Task to complete – Leaving out every picture, please repeat exactly the line that contains "The reflected or" and each line after it through the final line below.

++++ Data to process

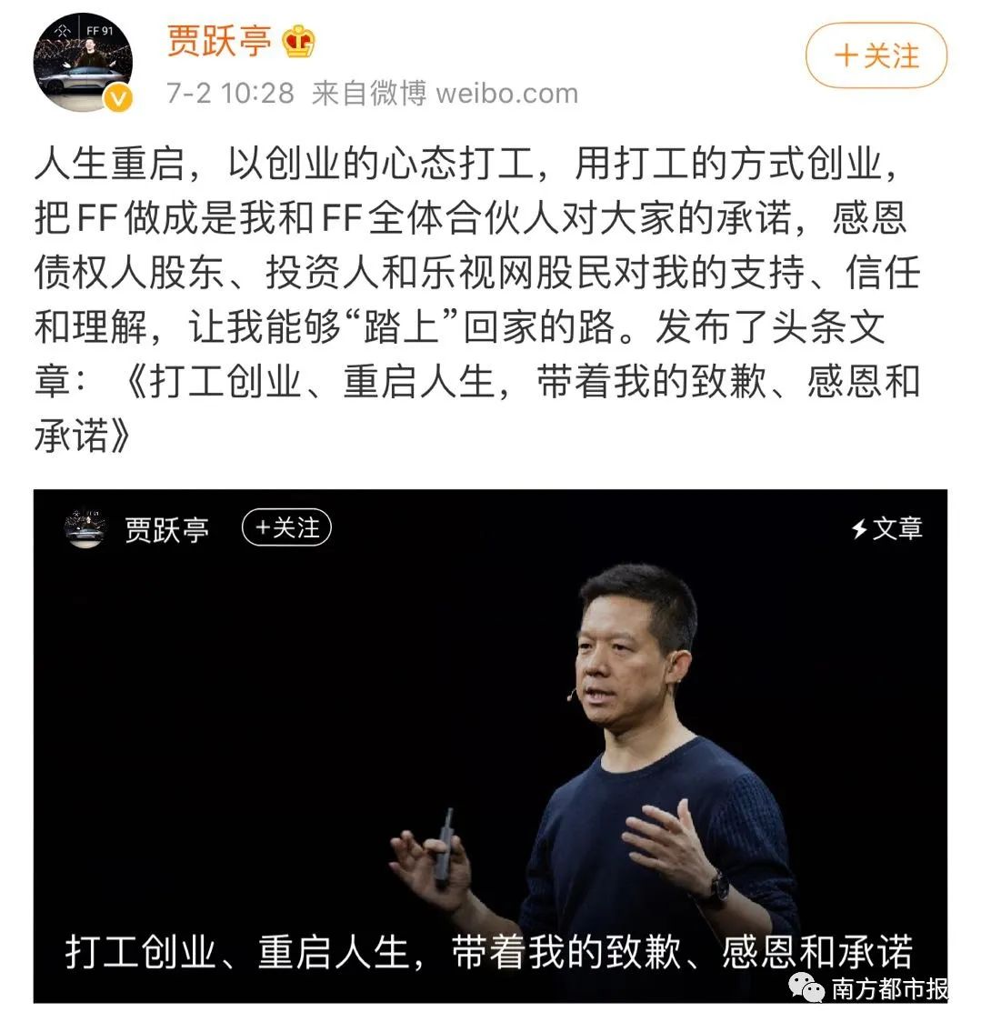 今天上午,贾跃亭发布标题为《打工创业、重启人生,带着我的致歉、感恩和承诺》的致歉信。
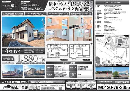 【宇都宮市横山】 積水ハウスの軽量鉄骨造 システムキッチン新品交換 全居室南向き ミュゼまで車約6分 クスリのアオキまで車約5分 豊郷北小学校まで徒歩約12分
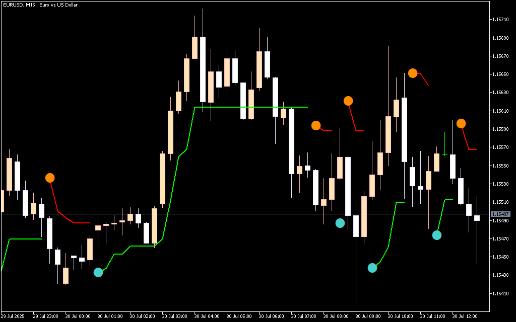 A consistent pattern of colored dots confirms the strength of a trend. This visual guidance allows traders to quickly interpret market direction without complex calculations.
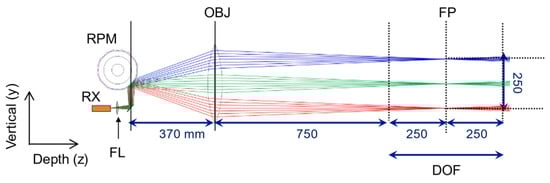 The reflected or scattered beam from the target passes through the BS, and enters the telecentric objective lens (OBJ) and the Rx through the 8-plane rotating polygon mirror (RPM) and focusing lens (FL). The telecentric OBJ is particularly important in this optical design. The introduction of the lens ensures that the main beam is often parallel to the optical axis of the lens even when the receiving beam is scanned in the vertical direction, enabling the acquisition of 3D images without depth-dependent lateral distortion. All lenses used on these optics were made of high-density polyethylene (HDPE).
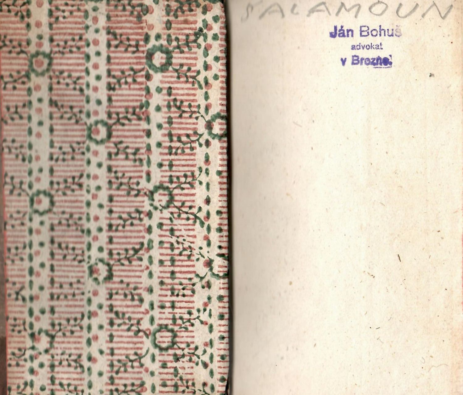 Dobová vazba s kartonovými deskami potaženými olejovým papírem, kožený hřbet a nárožnice, ve hřbetu 5 vazů, ve druhém poli původní vínově červený kožený štítek s tlačeným a zlaceným názvem, v poli třetím zelený s dokončením názvu, v ostatních polích tlačený a zlacený rostlinný ornament, červeně barvené ořízky, na přídeštích dobový škrobový papír s ornamentem. Na přední předsádce razítko jednoho z předchozích vlastníků "Ján Bohuš advokát v Brezne", nad ním a na zadní předsádce podpis tužkou posledního vlastníka, grafika Jiřího Šalamouna z jehož knihovny byla kniha zakoupena. Vazba místy lehce ohmataná.
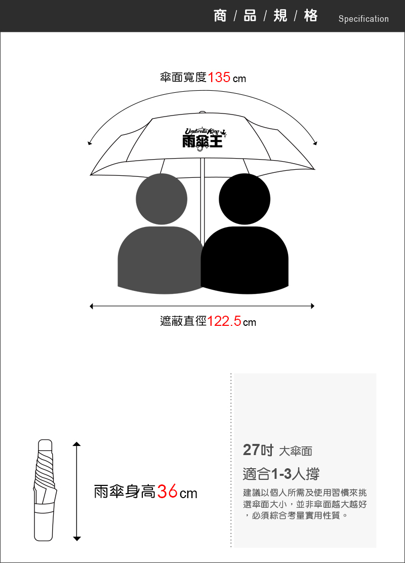 ☂27吋大反骨自動折傘,傘下直徑122.5cm

++++++++

Response to this task –
 The reflected or scattered beam from the target passes through the BS, and enters the telecentric objective lens (OBJ) and the Rx through the 8-plane rotating polygon mirror (RPM) and focusing lens (FL). The telecentric OBJ is particularly important in this optical design. The introduction of the lens ensures that the main beam is often parallel to the optical axis of the lens even when the receiving beam is scanned in the vertical direction, enabling the acquisition of 3D images without depth-dependent lateral distortion. All lenses used on these optics were made of high-density polyethylene (HDPE).
 Dobová vazba s kartonovými deskami potaženými olejovým papírem, kožený hřbet a nárožnice, ve hřbetu 5 vazů, ve druhém poli původní vínově červený kožený štítek s tlačeným a zlaceným názvem, v poli třetím zelený s dokončením názvu, v ostatních polích tlačený a zlacený rostlinný ornament, červeně barvené ořízky, na přídeštích dobový škrobový papír s ornamentem. Na přední předsádce razítko jednoho z předchozích vlastníků "Ján Bohuš advokát v Brezne", nad ním a na zadní předsádce podpis tužkou posledního vlastníka, grafika Jiřího Šalamouna z jehož knihovny byla kniha zakoupena. Vazba místy lehce ohmataná.
 ☂27吋大反骨自動折傘,傘下直徑122.5cm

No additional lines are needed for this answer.